Dataset extract
☆ ☆ ☆ ☆ ☆ ☆ ☆

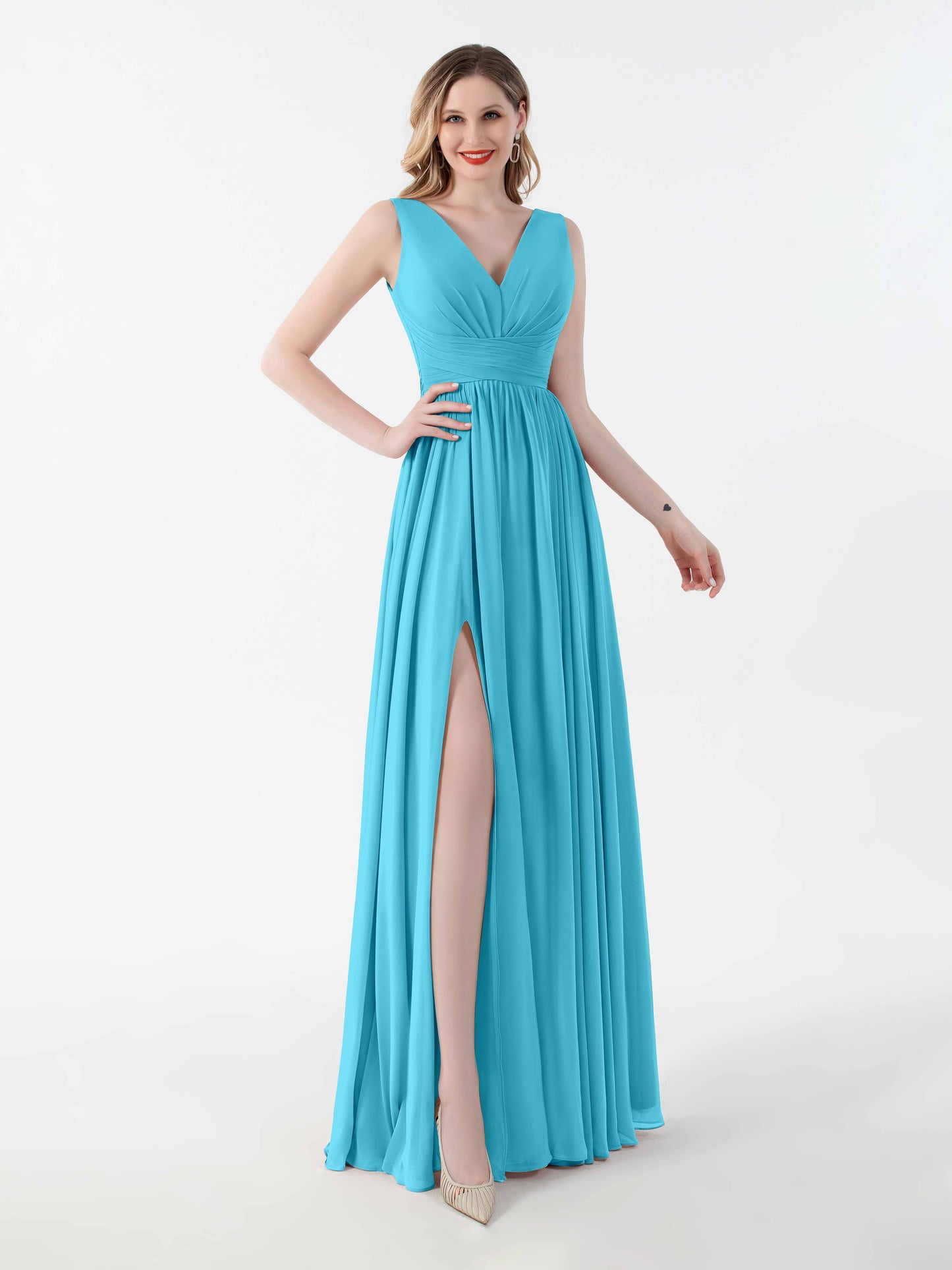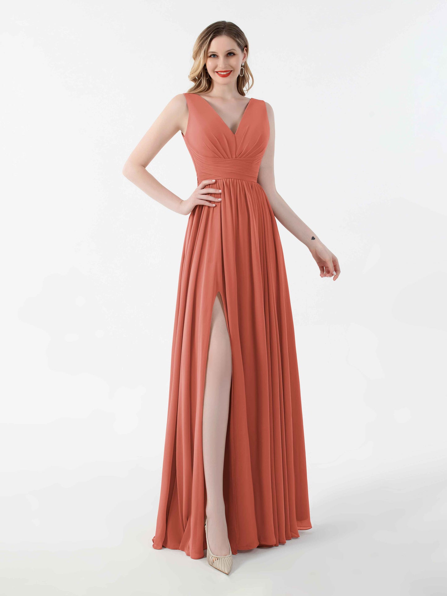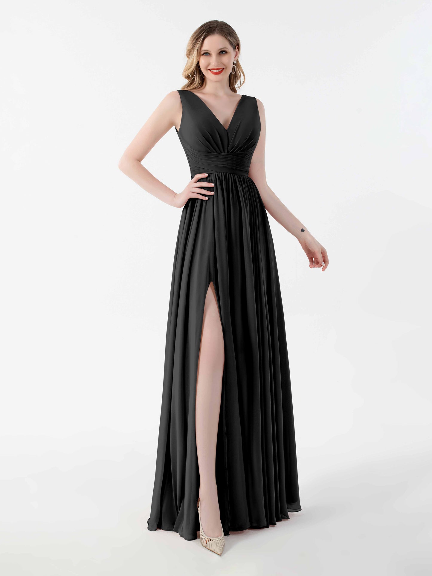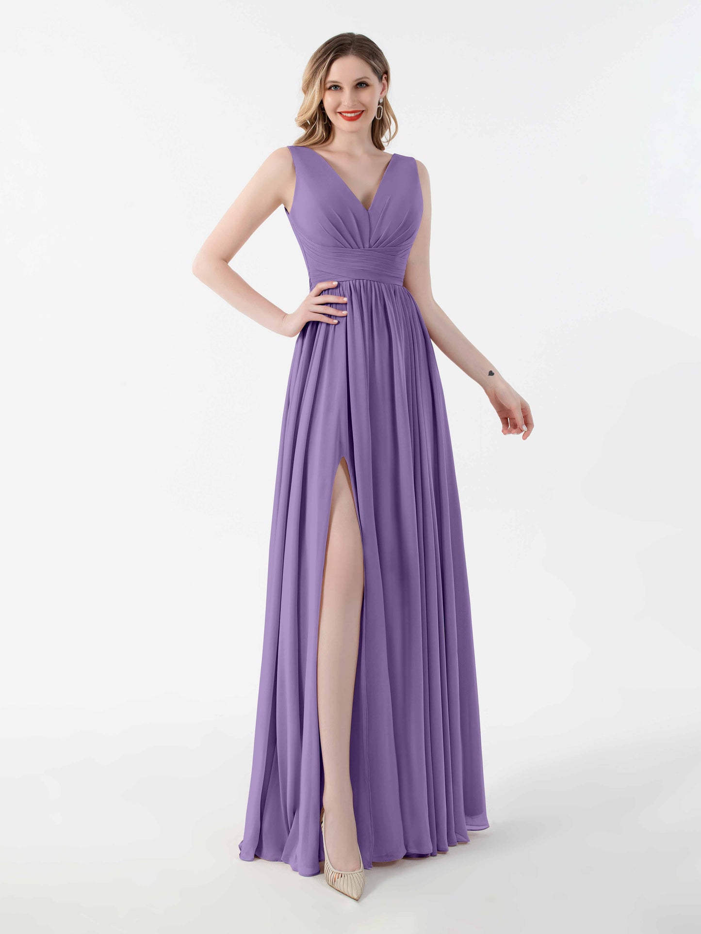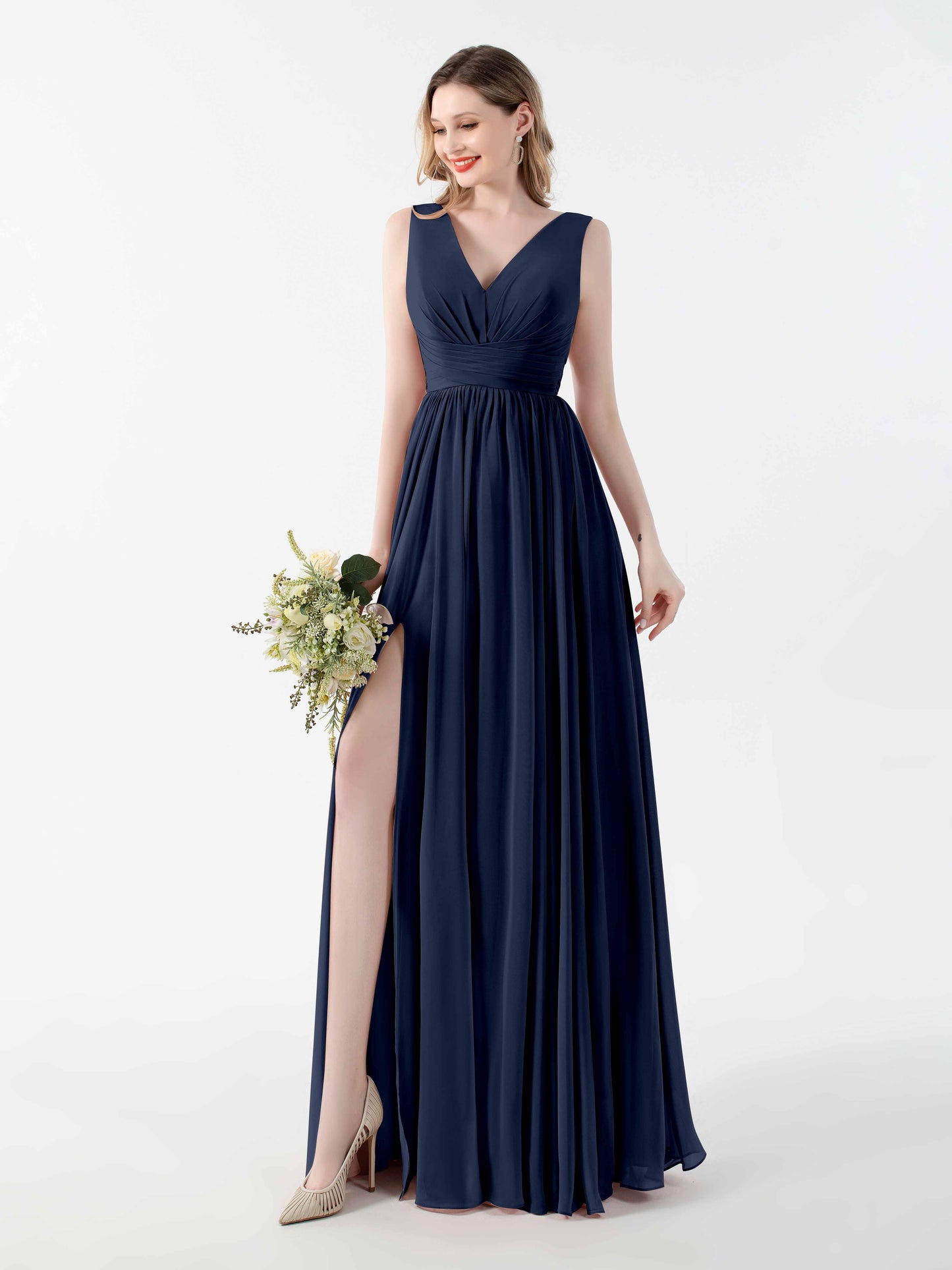 • Flatter your figure with Mollyevers'bridesmaid dresses. These dresses feature a flattering V-back design, a graceful floor-length silhouette, and a seductive slit, adding a touch of allure to your look. Crafted from delicate chiffon fabric, they offer both style and comfort. Dress your bridesmaids in elegance and sophistication with Mollyevers.
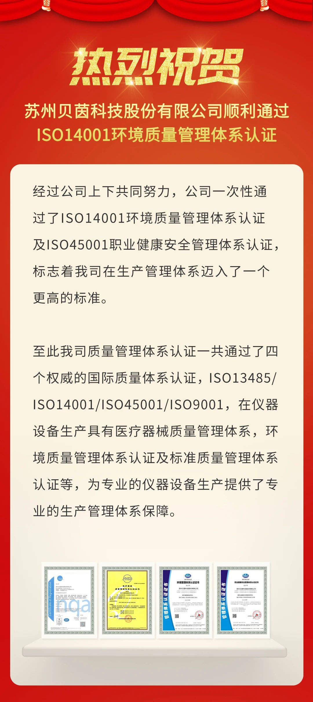 热烈祝贺苏州贝茵科技股份有限公司通过ISO14001环境质量管理体系认证
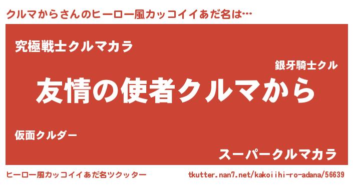 | 男性向けラノベタイトル風あだ名 | 『クルマカラスレイヤー』 |
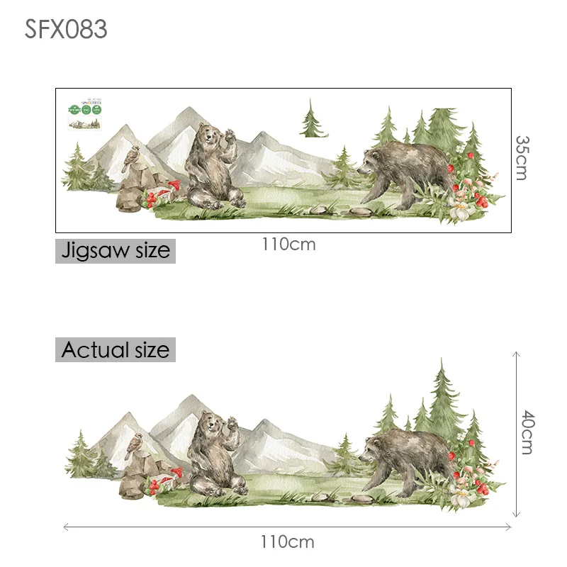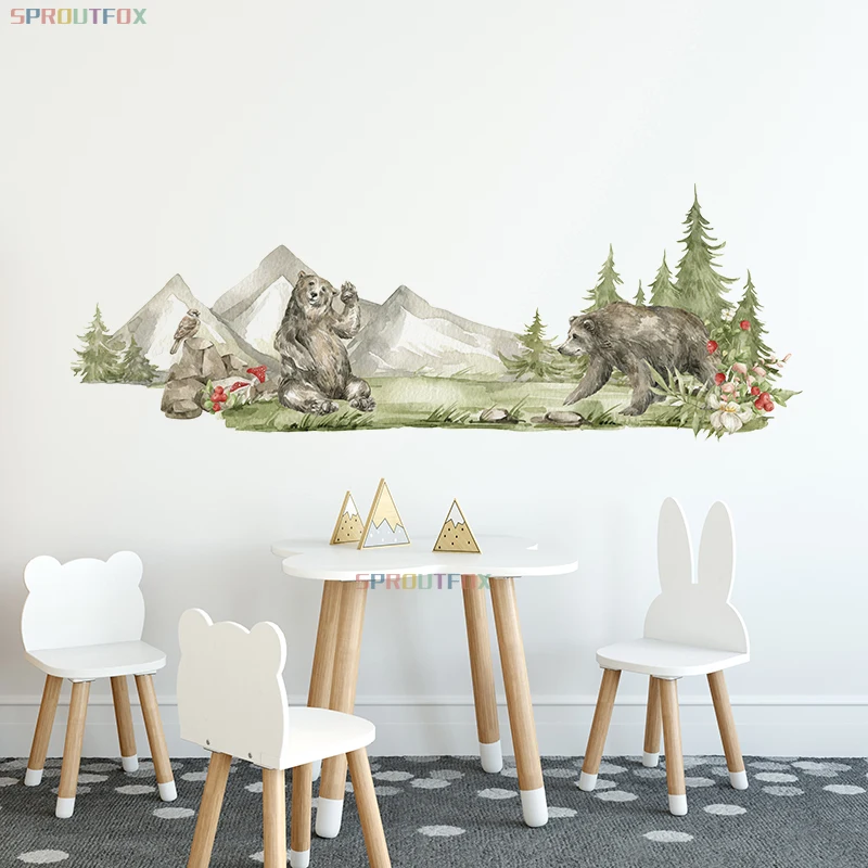 Большие коричневые наклейки на стену в виде медведя для детских комнат

☆ ☆ ☆ ☆ ☆ ☆ ☆

Work instruction
When you repeat the data, keep it exact and drop every picture.

Reply
 • Flatter your figure with Mollyevers'bridesmaid dresses. These dresses feature a flattering V-back design, a graceful floor-length silhouette, and a seductive slit, adding a touch of allure to your look. Crafted from delicate chiffon fabric, they offer both style and comfort. Dress your bridesmaids in elegance and sophistication with Mollyevers.
 热烈祝贺苏州贝茵科技股份有限公司通过ISO14001环境质量管理体系认证
 | 男性向けラノベタイトル風あだ名 | 『クルマカラスレイヤー』 |
 Большие коричневые наклейки на стену в виде медведя для детских комнат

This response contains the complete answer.